Kenneth Muir Mackenzie, 1st Baron Muir Mackenzie


Kenneth Augustus Muir Mackenzie, 1st Baron Muir Mackenzie, was a British barrister, civil servant, and Labour politician.

Background and education

Muir Mackenzie was a younger son of Sir John Muir Mackenzie, 2nd Baronet, and Sophia Matilda, daughter of James Raymond Johnstone, of Alva, Clackmannanshire. He was educated at Charterhouse School and Balliol College, Oxford. In 1873 he was called to the Bar, Lincoln's Inn.

Career

Muir Mackenzie was Clerk of the Crown in Chancery from 1885 to 1915 and served as Permanent Secretary to the Lord Chancellor from 1890 to 1915. He was appointed a Queen's Counsel in 1887 and a Bencher of Lincoln's Inn in 1891. He was made a CB in 1893, a KCB in 1898 and a GCB in 1911 and in 1915 he was raised to the peerage as Baron Muir Mackenzie, of Delvine in the County of Perth. In February 1924 Muir Mackenzie, then aged 78, was appointed a Lord-in-waiting by Prime Minister Ramsay MacDonald, head of the first ever Labour government, and was sworn of the Privy Council the same year.
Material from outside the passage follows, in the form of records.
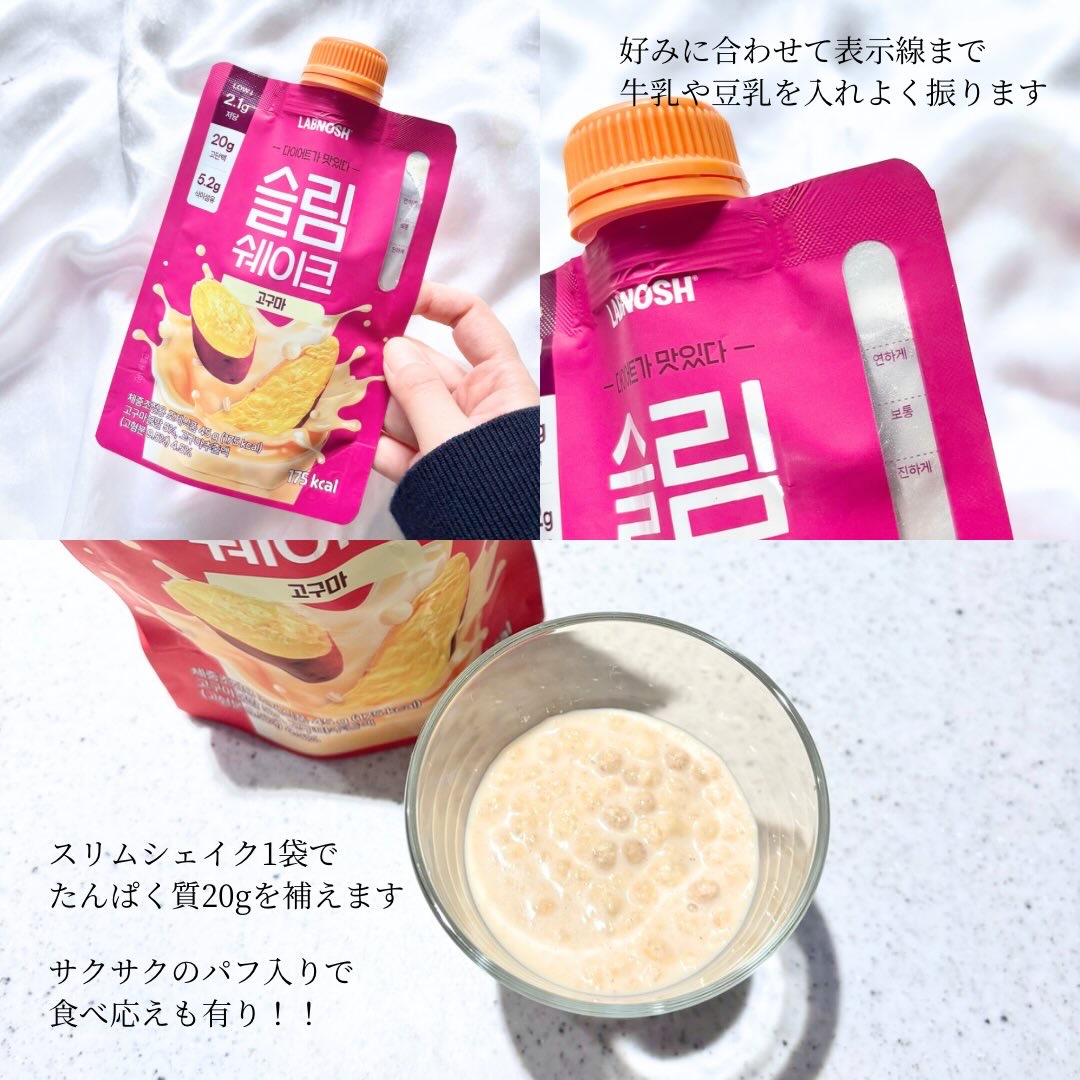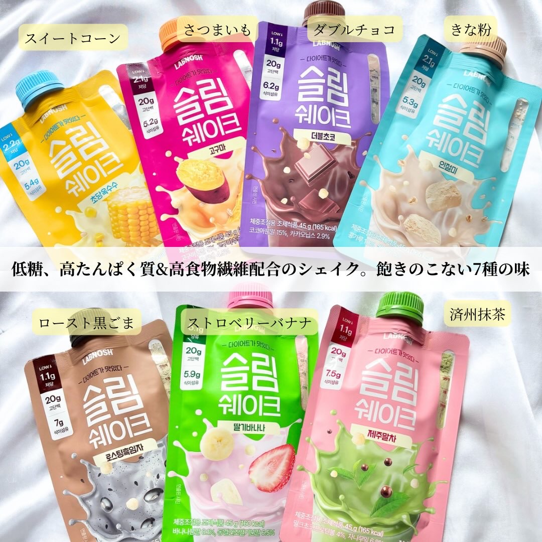 LABNOSHスリムシェイク7種類の味から選べる。・スイートコーン・さつまいも・ダブルチョコ・きなこ・ロースト黒ごま・済州抹茶・ストロベリーバナナ高蛋白質、食物繊維とビタミンミネラルまで配合のスリムシェイク(一つたんぱく質20G以上摂取可能)...
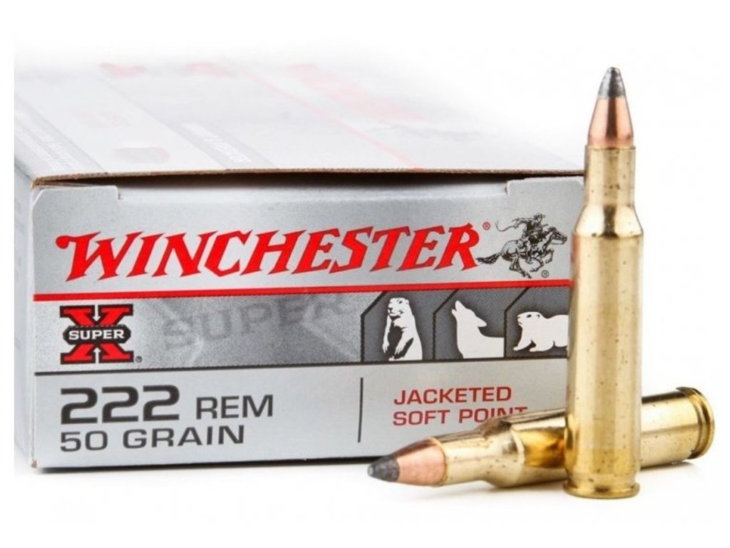 Lovecký kulový náboj Winchester ráže .222 Rem. se střelou JSP o hmotnosti 3,24 g (50 gr), balení 20 ks.
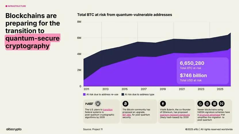 Meanwhile, blockchain is accelerating its post-quantum roadmap. Approximately $750 billion in Bitcoin is stored in addresses vulnerable to future quantum attacks. The U.S. government plans to transition federal systems to post-quantum cryptographic algorithms by 2035.
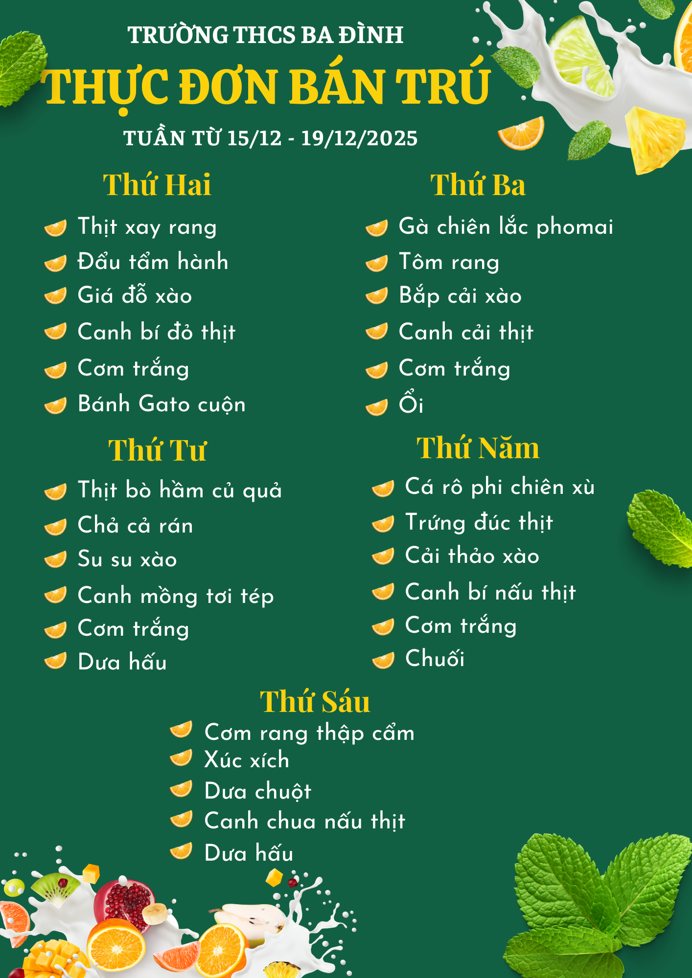 Thực đơn bán trú tuần từ ngày 15/12 đến hết ngày 19/12/2025

He held this position until the government fell in November 1924 and again from 1929 to 1930. At the time of his death he was the oldest government minister of the twentieth century.

Family

Lord Muir-Mackenzie married Amelia, daughter of William Graham, MP, in 1874. They had one son and three daughters. His wife died in 1900 and his only son William in 1901, aged 25 and unmarried. Muir-Mackenzie died at his home in Cumberland Terrace, Regent's Park, London, in May 1930, aged 84, and was cremated at Golders Green Crematorium. As he had no surviving male issue the barony became extinct on his death.